[DATA BELOW Boundary: Start]

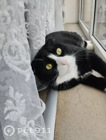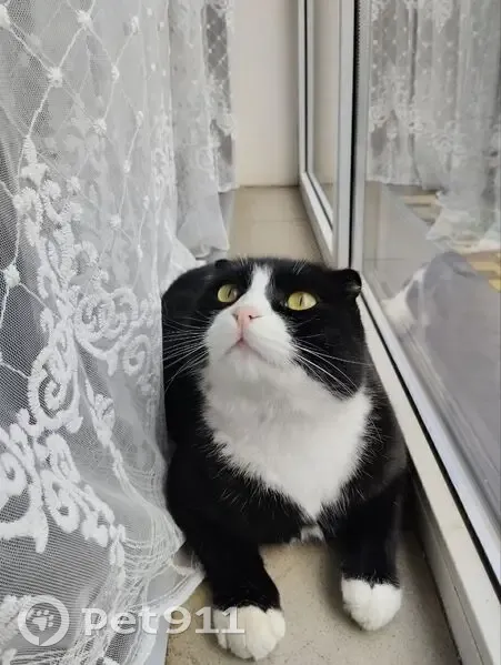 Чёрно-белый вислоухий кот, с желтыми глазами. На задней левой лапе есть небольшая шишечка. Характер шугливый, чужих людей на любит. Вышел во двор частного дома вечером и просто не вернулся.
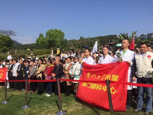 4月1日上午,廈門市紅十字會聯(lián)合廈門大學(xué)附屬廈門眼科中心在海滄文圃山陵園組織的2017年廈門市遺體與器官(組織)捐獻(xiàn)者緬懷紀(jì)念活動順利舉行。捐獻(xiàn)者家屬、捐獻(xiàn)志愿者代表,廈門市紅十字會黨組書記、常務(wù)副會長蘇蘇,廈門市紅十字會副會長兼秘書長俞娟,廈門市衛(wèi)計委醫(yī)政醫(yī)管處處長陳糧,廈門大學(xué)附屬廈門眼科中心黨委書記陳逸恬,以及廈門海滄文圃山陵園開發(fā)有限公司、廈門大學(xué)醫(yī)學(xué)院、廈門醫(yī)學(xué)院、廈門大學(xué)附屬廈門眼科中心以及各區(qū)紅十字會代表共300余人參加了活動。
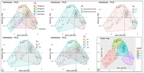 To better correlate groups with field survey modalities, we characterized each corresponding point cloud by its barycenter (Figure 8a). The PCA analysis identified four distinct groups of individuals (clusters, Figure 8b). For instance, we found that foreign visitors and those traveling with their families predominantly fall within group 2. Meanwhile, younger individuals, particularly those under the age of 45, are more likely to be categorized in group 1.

[DATA BELOW Boundary: End]

**ASSIGNED TASK**
Print the listing above in full, exactly as written. Omit any pictures.

**ANSWER SPACE**
 Чёрно-белый вислоухий кот, с желтыми глазами. На задней левой лапе есть небольшая шишечка. Характер шугливый, чужих людей на любит. Вышел во двор частного дома вечером и просто не вернулся.
 4月1日上午,廈門市紅十字會聯(lián)合廈門大學(xué)附屬廈門眼科中心在海滄文圃山陵園組織的2017年廈門市遺體與器官(組織)捐獻(xiàn)者緬懷紀(jì)念活動順利舉行。捐獻(xiàn)者家屬、捐獻(xiàn)志愿者代表,廈門市紅十字會黨組書記、常務(wù)副會長蘇蘇,廈門市紅十字會副會長兼秘書長俞娟,廈門市衛(wèi)計委醫(yī)政醫(yī)管處處長陳糧,廈門大學(xué)附屬廈門眼科中心黨委書記陳逸恬,以及廈門海滄文圃山陵園開發(fā)有限公司、廈門大學(xué)醫(yī)學(xué)院、廈門醫(yī)學(xué)院、廈門大學(xué)附屬廈門眼科中心以及各區(qū)紅十字會代表共300余人參加了活動。
 To better correlate groups with field survey modalities, we characterized each corresponding point cloud by its barycenter (Figure 8a). The PCA analysis identified four distinct groups of individuals (clusters, Figure 8b). For instance, we found that foreign visitors and those traveling with their families predominantly fall within group 2. Meanwhile, younger individuals, particularly those under the age of 45, are more likely to be categorized in group 1.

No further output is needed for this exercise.